= Beginning of Section =

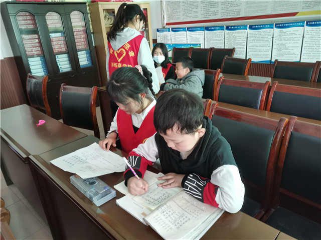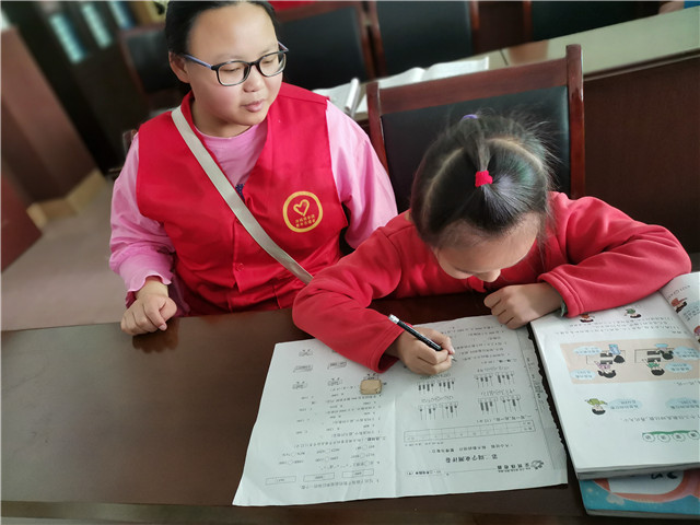 玩闹过后,小朋友们也都自发的坐到课桌前,等待着哥哥姐姐们的辅导。活动室安静的氛围,让小朋友们很快的进入了学习的状态,偶尔夹杂着小朋友们与志愿者哥哥姐姐的对话,一切显得都很温馨。活动的开展有温馨的地方但也有很多的突发情况,小朋友是爱玩的,小朋友之间也难免有打闹,今天的志愿者们就遇到了这样的大难题,但在志愿者们的安抚下,两个吵架的小朋友也都慢慢安静下来,理智的将两个小朋友分开在两个房间做作业,慢慢的安抚,轻声的询问理由,志愿者们用最大的温柔维护着两个小朋友之间的友谊。
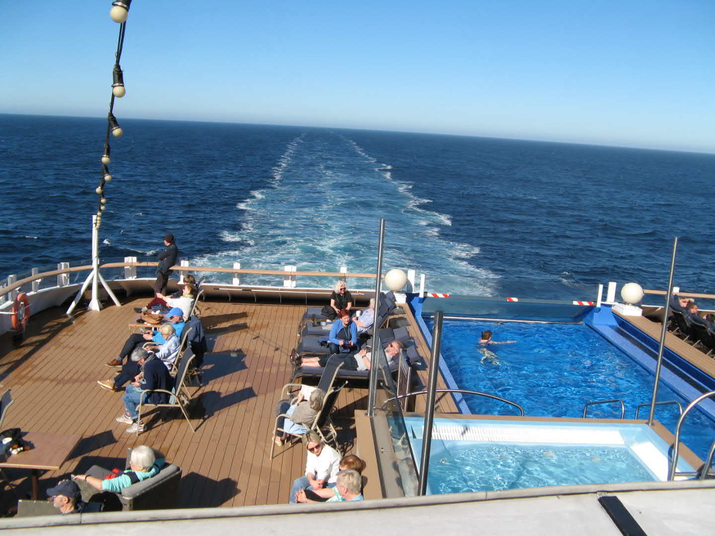 9. Tag : Ein Seetag. Am Abend desselben so gegen 23 Uhr passierte es! Meine Schwester speite wie ein Raiher und kam vom
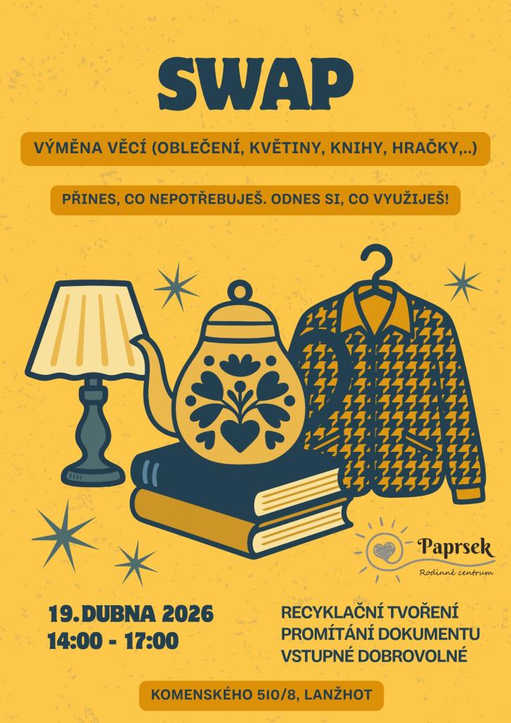 Přineste cokoliv, co už nepotřebujete, ale je to stále v pěkném stavu a může ještě udělat radost někomu dalšímu. Může jít například o knihy, oblečení, hračky, květiny, dekorace nebo domácí potřeby.
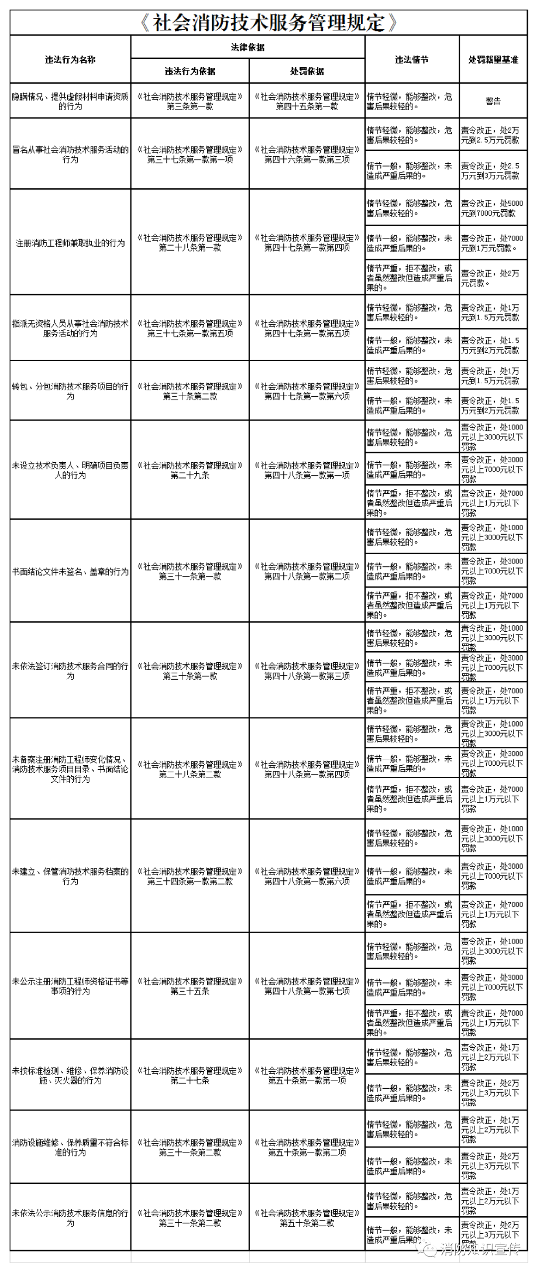 冒名從事社會消防技術服務活動的行為 | 《社會消防技術服務管理規定》第三十七條第一款第一項 | 《社會消防技術服務管理規定》第四十六條第一款第三項 | 情節輕微,能夠整改,危害后果較輕的。 | 責令改正,處2萬元到2.5萬元罰款 |
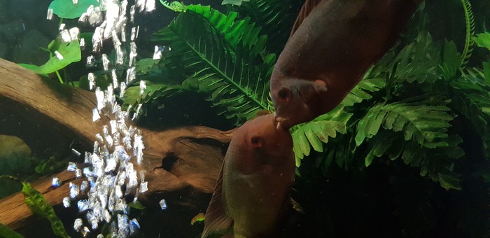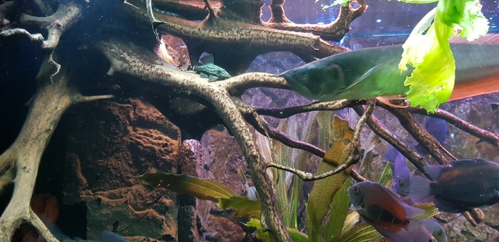 Вместе с ними содержались тернеции и неоны, у которых вдруг появился ихтик и пришлось лечить аквариум касторуром. Как оказалось для них он смертелен...
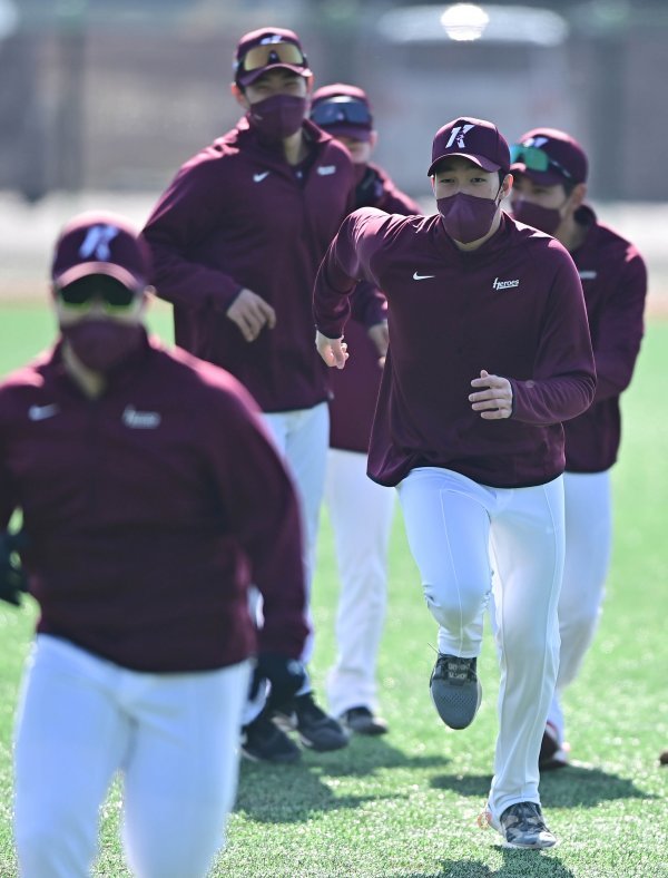 10일 전남 고흥거금야구장에서 열린 키움 히어로즈의 2022 스프링캠프에서 키움 안우진이 워밍업을 하고 있다.
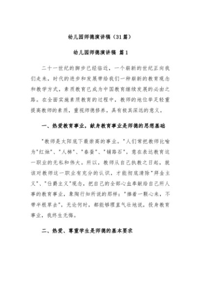 【七哥公文】2024年:(31篇)幼儿园师德演讲稿+更多免费公文+VX:QiGeGongWen2024
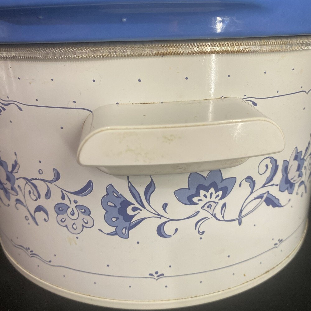 This Rival Crock Pot Stoneware 4 Qt. Slow Cooker Model 3154 is a vintage gem that will add character to your kitchen. The electric cooker is made in the United States and comes in a beautiful blue color with a glossy finish. It has a 4 qt capacity and is made of durable stoneware material. The slow cooker features non-slip feet and can be powered on or off with three different settings/programs. It does not come with a lid, but it is still a great addition to any kitchen. The components included are the pot and base. This Crock-Pot is perfect for those who enjoy cooking and want a reliable and versatile appliance. Has light scratches/ wear / discoloration to the finish. Has some staining to bottom of crock.
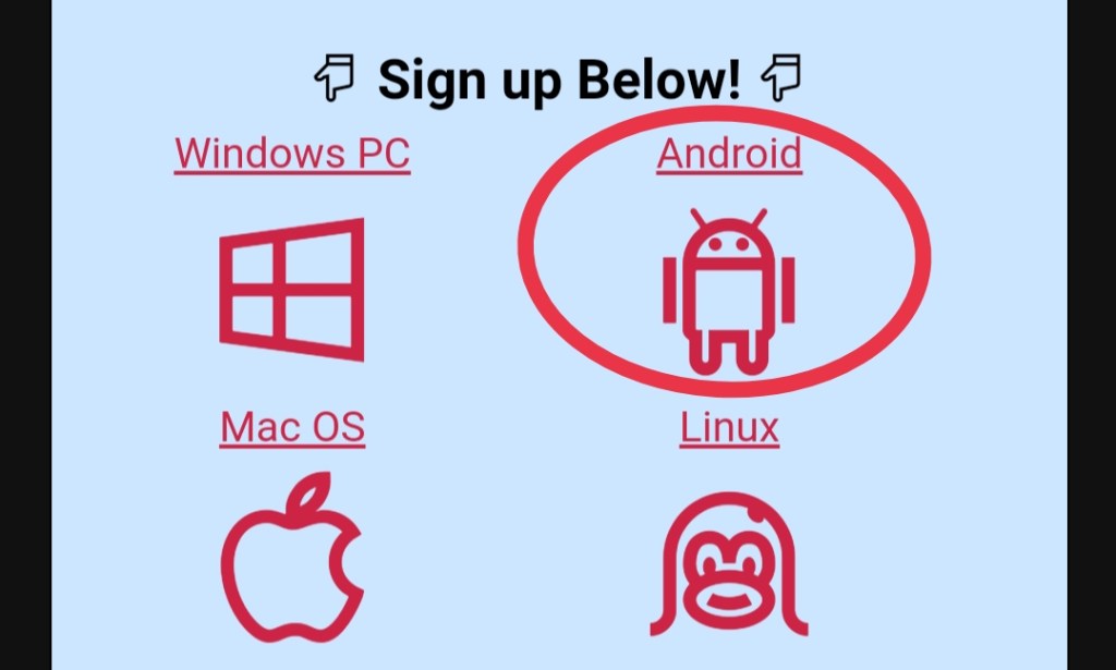 Scroll ke bagian bawah sampai bertulis kan “Sign Up Below!” klik yang berlogo Android.
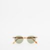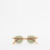 Polarized sunglasses with a round shape, yellow frame and contrasting temples.
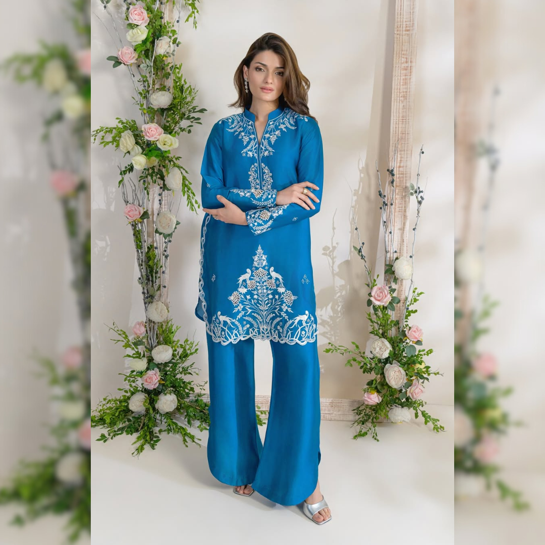A vision of regal elegance, this ensemble is crafted from luxurious pure Maysuri silk, exuding a soft, luminous sheen. The fabric is adorned with intricate machine embroidery, thoughtfully inspired by timeless Mughal artistry, and elevated with delicately hand-embroidered motifs that add depth and charm. The look is completed with slim, gracefully curved culottes and a sheer organza dupatta, finished with dainty sequin detailing along the hemlineāperfectly balancing heritage with refined modernity.
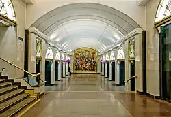 Над ескалаторами розташоване мозаїчне панно, що зображує бій Семенівського полку.
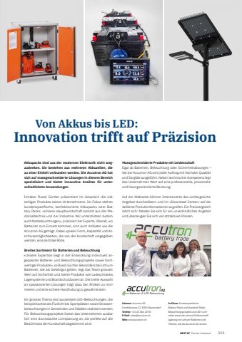 BEST OFBEST OF Z%u00fcrcher Unterland Portrait xxx 111 Von Akkus bis LED: Innovation trifft auf Pr%u00e4zisionAkkupacks sind aus der modernen Elektronik nicht wegzudenken. Sie bestehen aus mehreren Akkuzellen, die zu einer Einheit verbunden werden. Die Accutron AG hat sich auf massgeschneiderte L%u00f6sungen in diesem Bereich spezialisiert und bietet innovative Ans%u00e4tze f%u00fcr unterschiedlichste Anwendungen.Inhaber Ruedi G%u00fcrtler pr%u00e4sentiert im Gespr%u00e4ch die vielseitigen Produkte seines Unternehmens. Im Fokus stehen kundenspezifi sche, konfektionierte Akkupacks oder Battery Packs. %u00abUnsere Hauptkundschaft kommt aus der Medizinaltechnik und der Industrie. Wir unterst%u00fctzen zudem auch Notbeleuchtungen%u00bb, pr%u00e4zisiert der Experte. %u00dcberall, wo Batterien zum Einsatz kommen, sind auch Anbieter wie die Accutron AG gefragt. Dabei spielen Form, Kapazit%u00e4t und Anschlussm%u00f6glichkeiten, die von der Kundschaft vorgegeben werden, eine zentrale Rolle.Breites Sortiment f%u00fcr Batterien und Beleuchtung%u00abUnsere Expertise liegt in der Entwicklung individuell angepasster Batterie- und Beleuchtungsprojekte sowie hochwertiger Produkte%u00bb, so Ruedi G%u00fcrtler. Besonders bei LithiumBatterien, die als Gefahrgut gelten, legt das Team grossen Wert auf Sicherheit und bietet Produkte wie Ladeschr%u00e4nke, Lagersysteme und Brandschutzboxen an. Die breite Auswahl an spezialisierten L%u00f6sungen tr%u00e4gt dazu bei, Risiken zu minimieren und eine sichere Handhabung zu gew%u00e4hrleisten.Ein grosses Thema sind ausserdem LED-Beleuchtungen, die beispielsweise als Flutlicht bei Sportpl%u00e4tzen sowie Strassenbeleuchtungen in Gemeinden und St%u00e4dten realisiert werden. F%u00fcr Beleuchtungsprojekte bietet das Unternehmen zus%u00e4tzlich eine durchdachte Lichtplanung an, die perfekt auf die Bed%u00fcrfnisse der Kundschaft abgestimmt wird. Massgeschneiderte Produkte mit LeidenschaftEgal ob Batterien, Beleuchtung oder Sicherheitsl%u00f6sungen %u2013 bei der Accutron AG wird jeder Auftrag mit h%u00f6chster Qualit%u00e4t und Sorgfalt ausgef%u00fchrt. Neben technischer Kompetenz legt das Unternehmen Wert auf eine professionelle, praxisnahe und l%u00f6sungsorientierte Beratung.Auf der Webseite k%u00f6nnen Interessierte das umfangreiche Angebot durchst%u00f6bern und im %u00abDownload Center%u00bb auf detaillierte Produktinformationen zugreifen. Ein Preisvergleich lohnt sich: Melden Sie sich f%u00fcr ein unverbindliches Angebot und %u00fcberzeugen Sie sich von attraktiven Preisen.Adresse: Accutron AGGrindelstrasse 12, 8303 BassersdorfTelefon: +41 43 266 20 50E-Mail: sales@accutron.chWeb: www.accutron.chIn K%u00fcrze: Kundenspezifi sche Battery-Packs und Standard-Zellen, Beleuchtungsprojekte und LED-Lichtmittel sowie die sichere Gefahrenstofflagerung von Lithium-Batterien sind Themen, die die Accutron AG vereint.
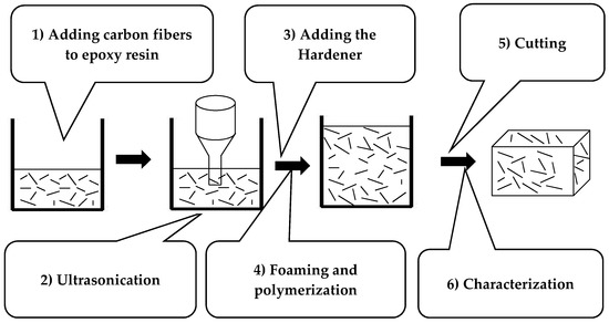 Figure 2 summarizes the different steps of the elaboration method of the composite. First, the CFs (from Apply Carbon SA, Languidic, France) are dispersed in the epoxy resin (PB 170 from Sicomin, Châteauneuf-les-Martigues, France) using ultrasonication method (Sonics Materials VCX-750-220, Sonics & Materials, Inc., Newtown, CT, USA), as detailed in [61]. Subsequently, the hardener (DM 02 from Sicomin) is added with the proportions Resin: Hardener of 10:3.6. After that, the mixture is put into a mold, for foaming and polymerization steps, for six hours at room temperature.

= End of Section =

Would you copy the lines above exactly, starting with the one that has "Вместе с ними" and ending with the one that has "Polarized sunglasses with", both included, without the pictures?

- _Output for this exercise_:
 Вместе с ними содержались тернеции и неоны, у которых вдруг появился ихтик и пришлось лечить аквариум касторуром. Как оказалось для них он смертелен...
 10일 전남 고흥거금야구장에서 열린 키움 히어로즈의 2022 스프링캠프에서 키움 안우진이 워밍업을 하고 있다.
 【七哥公文】2024年:(31篇)幼儿园师德演讲稿+更多免费公文+VX:QiGeGongWen2024
 This Rival Crock Pot Stoneware 4 Qt. Slow Cooker Model 3154 is a vintage gem that will add character to your kitchen. The electric cooker is made in the United States and comes in a beautiful blue color with a glossy finish. It has a 4 qt capacity and is made of durable stoneware material. The slow cooker features non-slip feet and can be powered on or off with three different settings/programs. It does not come with a lid, but it is still a great addition to any kitchen. The components included are the pot and base. This Crock-Pot is perfect for those who enjoy cooking and want a reliable and versatile appliance. Has light scratches/ wear / discoloration to the finish. Has some staining to bottom of crock.
 Scroll ke bagian bawah sampai bertulis kan “Sign Up Below!” klik yang berlogo Android.
 Polarized sunglasses with a round shape, yellow frame and contrasting temples.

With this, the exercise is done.